Data is becoming increasingly important in almost every conceivable field and area. From business and healthcare to law enforcement and sports, data is central to their operations. It’s not enough to simply collect information, however. Instead, you need to make good use of it, and this is where data science comes into play. Anomaly detection is one of the most interesting applications of data science, and in this article, I will provide a brief overview of what it is, and how it can be used.
Anomaly detection involves identifying the differences, deviations, and exceptions from the norm in a dataset. It’s sometimes referred to as outlier detection (i.e., looking at a dataset to identify any outlying or unusual datapoints, data groups, or activity).
For example, credit card companies collect data on everything we purchase, including the amount of money we spend, where we spend it, what we spend it on, how frequently we make purchases, and more.
Anomaly detection makes this data not only useful but powerful. This is because anomaly detection algorithms analyse all the data above to identify fraudulent credit card activity within seconds of a transaction taking place.
There are many applications for anomaly detection:
Of course, there are many more applications of anomaly detection than those listed above. The crucial point is the fact that anomaly detection is becoming increasingly important and that it enables data to be used in ways it never was before.
Not all anomalies are equal. In fact, they can be split into three broad categories:
Point anomalies, Collective anomalies, Contextual anomalies
Let’s look at each in more detail.
A point anomaly is where a single datapoint stands out from the expected pattern, range, or norm. In other words, the datapoint is unexpected.

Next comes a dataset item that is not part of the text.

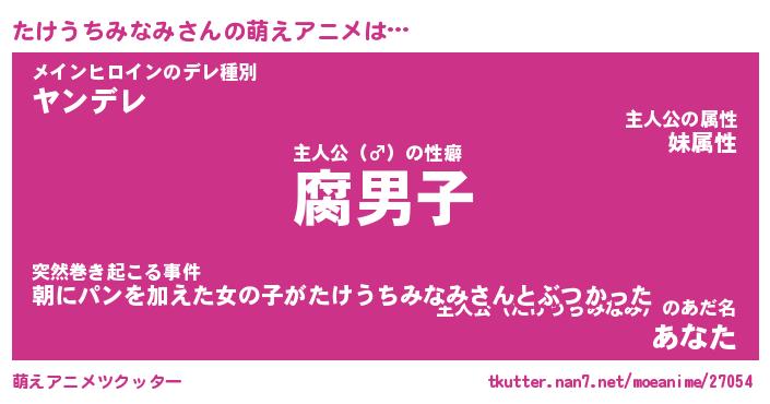 | 男性向けラノベタイトル風あだ名 | 『タケウチミナミアートオンライン』 |
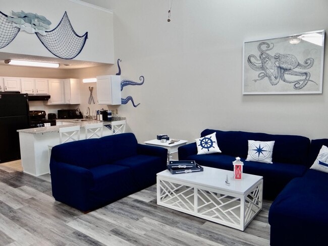 Your home away from home in paradise is "The Kraken". This stylishly remodeled, large 3rd floor 2 bed/2 bath 1200 square foot loft style condo gives you everything a great getaway should be. In Surfside Beach's Golf Colony, a short golf cart ride to the beach (1.5 miles away) and overlooking a fabulous pool deck equipped with a smoker, grill and picnic area to entertain the whole family, you won't run out of good times in the sun. Get tired of lounging in the sun? Grab your mates and crush a game of pickleball or tennis! One of the best kept secrets in all of Surfside! Digital nomad ready!

Examples of point anomalies.
We can again turn to credit card spending as an example. A point anomaly would be a single, high-value, and unusual spend on a credit card. For example, normal spending on a credit card might be small to medium-sized amounts, typically within the same geographical area and usually to purchase a similar group of products.
A point anomaly would be if that credit card was then used to make a single high-value purchase for an item not previously purchased and purchased in a location where the credit card has not been used before.
This point anomaly could indicate fraudulent activity.
Scikit-learn has good support for point anomaly detection algorithms, such as LOF.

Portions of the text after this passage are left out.